Occurrences of Dry Socket

A dry socket is rather rare, only occurring about four percent of the time when including all types of extractions. It is much higher, however, with wisdom tooth extractions. It is not a serious problem, and certainly not life-threatening, but it is often painful and infection is possible. 


There are several things that can cause a clot to come out of place. They include:


  • Drinking through a straw – avoid for a week

  • Smoking – which slows healing

  • Drinking carbonated drinks

  • Vigorous exercise

  • Sneezing or coughing

  • Using a toothbrush on that spot too soon.

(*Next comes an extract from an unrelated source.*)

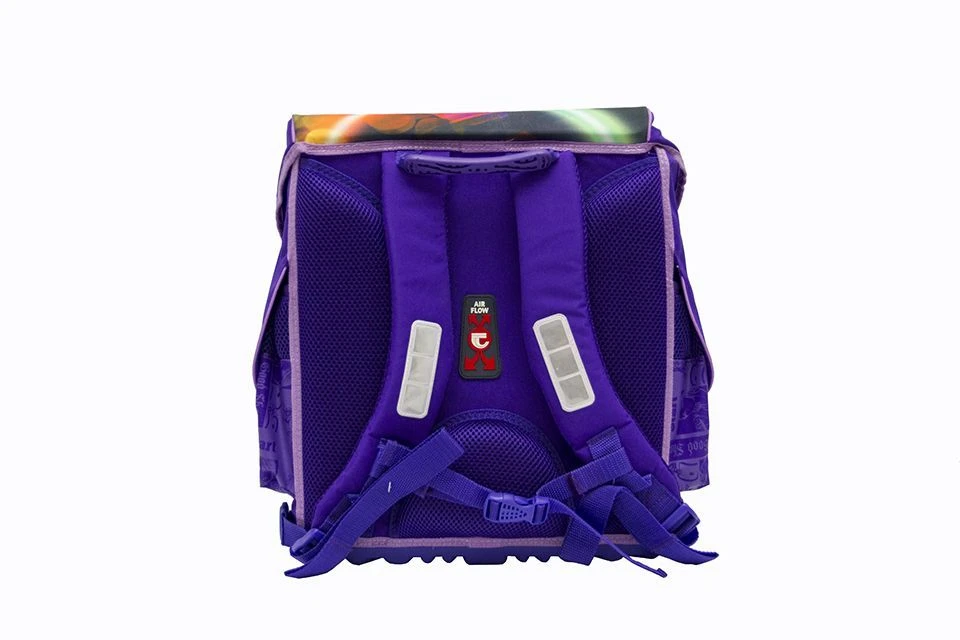 Tornister wykonany z ergonomicznej pianki o właściwościach wodoodpornych. Tył tornistra dodatkowo wyściełany jest siatką, co sprawia, że materiał oddycha. Odblaski znajdujące się na przodzie, bokach oraz szelkach zapewniają bezpieczeństwo w drodze do szkoły. Tornister posiada komorę główną, dwie mniejsze przegrody (jedna z miejscem na długopisy i inne akcesoria) oraz dwie kieszenie boczne zapinane na rzep. W komorze głównej znajduje się mniejsza przegroda oraz kieszonka zapinana na zamek. Tornister wyposażony jest w wygodną rączkę oraz zapięcie na "klik". Na wewnętrznej stronie klapy umieszczono specjalne miejsce na wpisanie planu lekcji. Bardzo lekki, nie obciąża pleców. Usztywnione, piankowe szelki podnoszą komfort noszenia tornistra, natomiast plastikowy spód ułatwia utrzymanie tornistra w pozycji pionowej oraz chroni jego zawartość przed zniszczeniem.

In most cases, a dry pocket will not start for two or three days after the extraction. Most of the time, it will last from 7 to 10 days. 


Dry Socket Risks

Under certain conditions, you are at a higher risk of getting a dry socket. The conditions include:


  • Not following the instructions the dentist provided

  • Smoking – causes a sucking action and reduces healing. Avoid for a week

  • Women on birth control – may need to stop a couple of days before the extraction. Hormonal changes could affect it too.

  • Being 40-45 years old

  • Already have periodontal disease

  • Drinking hot or acidic beverages can dissolve the clot


At-Home Treatment

The pain from the extraction can be expected to last one or two days. Pain from a dry socket will normally start on day three through five. You can expect there to be considerable dry socket pain with it, but there are some things you can do to help get dry socket pain relief


  • Rinse your mouth gently with a saltwater mixture several times a day

  • Use over-the-counter pain medications that are also anti-inflammatory

  • Brush your teeth gently around the site of the extraction

  • Apply ice to your cheek to reduce swelling and pain

  • Place a couple of drops of clove oil on a cotton ball and apply gently to the site for pain relief.

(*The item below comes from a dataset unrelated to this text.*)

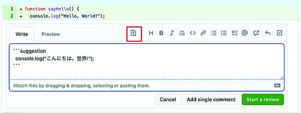 指摘する際にも、提案機能を活用すれば(図)、言葉で事細かく指示せずとも変更後のコードをベースに相手に伝えられます。提案を受けた側も、内容を確認してから問題がなければそのまま新しいコミットとして変更を取り入れられるため、双方がスマートにやり取りできるようになります。

Possible Dry Socket Complications

It is important that you go to a dentist for treatment when you experience a dry socket. The biggest problem is an infection – which can spread. The symptoms you may have without treatment could include:


  • A fever with possible chills

  • Swelling of your jaw and gums

  • Discharge of pus at the extraction site


Dry Socket Treatment

If the above home remedies do not work well enough, you will want to contact your dentist. The socket will be examined to make sure that the problem is what you suspect. An x-ray may be taken to ensure that some bone fragments have not been left in the socket, as well as for possible infection in the bone.


The dentist may provide several treatments for the dry socket. These may include: 


  • Flushing out the socket – This will be done because there may be some food particles in the socket that can lead to more pain. 


  • Place medical dressings in the socket – The dressings will have both pain relievers and medication in them. It will provide quick dry socket relief and help prevent infection. 


  • Prescribe pain medications – Depending on the pain, the dentist will likely prescribe medications for it, but may also want you to rely on over-the-counter medicines. 


It is important to realize that if you do not go to the dentist that you may be in for a rougher ride. The medication will likely shorten the time needed for healing, which also means that the pain will not last as long.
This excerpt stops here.